Короче, информация, которую отец Анны с таким риском выуживал из своих бывших подчиненных, могла привести в отчаяние любого охотника за компроматом. Но Анна не зря училась у профессора Шнитке, второй закон которого гласил с непреложной прямотой: «Святых не бывает! Святыми бывают только ангелы, но ангелов мы не судим и не защищаем в судах! И если вам нужно скомпрометировать свидетеля, то пусть он будет хоть апостол Павел, не отступайте! Копайте! Копайте на его самого, на его детей, родителей, предков до седьмого колена — копайте, и вы обрящете в его роду лжецов, развратников, взяточников, врагов народа, власовцев или, на худой конец, алкоголиков. Помните, что даже непорочное зачатие Христа еще никем научно не доказано!»
Анна на практике не раз убеждалась в неукоснительной верности и этого закона профессора Шнитке. Беда, однако, заключалась в том, что любые глубокие «раскопки» требовали времени, а в распоряжении Анны была всего лишь неделя. И потому вчера, бросив все дела, она посадила в машину своего терьера Чарли и поехала в Черноголовку, в закрытый и трижды секретный институт мужа. Она никогда не была в самом институте — даже вход на его территорию требовал допуска к секретности высшей категории. Но каждый раз, оказываясь возле проходной Института новых технологий, Анна поражалась масштабам работы и ответственности Аркадия — этот маленький еврей в потертых вельветовых брюках был руководителем гигантского предприятия с какими-то многоэтажными ангарами-цехами, мощными сооружениями, непонятными высотными конструкциями и даже внутренней железной дорогой! В этих цехах и находились, наверно, те сверхсекретные ракеты, которыми он так гордился. И видимо, из-за них вся территория института была окружена глухим бетонным забором с козырьком из колючей проволоки и охранялась не простой милицией, а спецчастями по охране особо важных объектов. Немудрено, что КГБ и Министерство обороны хотели быть на двести процентов уверены в полной лояльности директора этого заведения…
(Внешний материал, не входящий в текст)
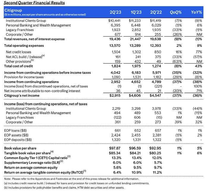 7月14日美股盘前,花旗(C.US)公布了2023年第二季度财务业绩。数据显示,Q2营收为194.4亿美元,同比下降1%,较市场预期高出1.2亿美元。非GAAP每股收益为1.37美元,与预期一致。每股收益为1.33美元,同比下降39%,但高于市场预期的1.30美元。受支出增加、信贷成本高企、市场业务收入和投行业务收入下降的影响,花旗Q2净利润同比暴跌36%至29.15亿美元。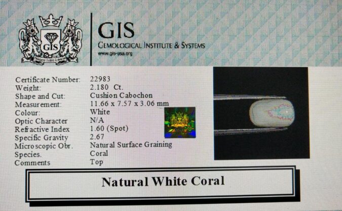 Beautiful 2.18 Ct. White Coral (Japanese Mines) Sava 2 Ratti Saphed Moonga. Free Horoscope & Free Pundit Ji Advise / Consultation. Original Natural Lab certified gems by IGI GTL / Birth stones / Large Gem Selection of shree shubh Rashi Ratan Vedic dhan at Gem Mines. May Bhagwan Brahma, Vishnu, Shiv & Universe bless you.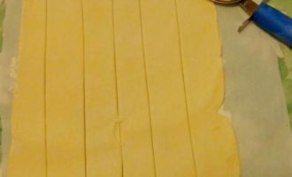 Один пласт слоеного теста (250 г) раскатать и разрезать на 6 частей.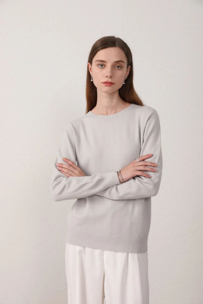 买过很多花里胡哨的毛衣,只有圆领纯色的羊毛衫最能体现质感,衣柜里总要有几件不同颜色的圆领羊毛衫,来百搭整个冬天的造型。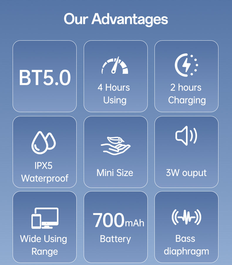Équipée du Bluetooth 5.0, elle garantit une connexion rapide, stable et sans coupure avec tous vos appareils compatibles. Grâce à sa batterie de 700mAh, vous profitez de plusieurs heures de musique non-stop, que ce soit en intérieur ou en extérieur.

— Здравствуйте, Анна Евгеньевна, извините за опоздание.
Анна подняла глаза.
Олег Барский, явно усталый, в хорошем французском костюме, но в помятой рубашке и со сбитым набок галстуком, тяжело опустился на стул напротив нее. И тут же потянулся за меню, словно пытаясь спрятать в него свои усталые глаза.
— Вы, я вижу, ничего не заказали. Официант! Нам, пожалуйста, две бутылки «Нарзана» и… — Он впервые посмотрел Анне в лицо. — Что будем пить? Коньяк?
— Я не пью коньяк до обеда, — сказала Анна.
— О да, конечно! — тут же поправился он и, надев очки, снова уткнулся в меню. — А что будем есть? Тут я вижу шашлыки «Арарат», цыплята-табака, осетрина на вертеле…
Анна смотрела на него со всевозрастающим интересом. Занимаясь его биографией всю прошедшую неделю, думая о нем постоянно со страхом и ненавистью, она не могла не отметить, что вмеcте с этим в ней растет неподконтрольный женский интерес к нему, как к мужчине, олицетворяющем Власть и Силу. Но теперь этот «несгибаемый чекист» вдруг открылся перед ней нормальным, усталым мужчиной. Или это игра? Анна усмехнулась:
— У вас был тяжелый день, Олег Дмитриевич?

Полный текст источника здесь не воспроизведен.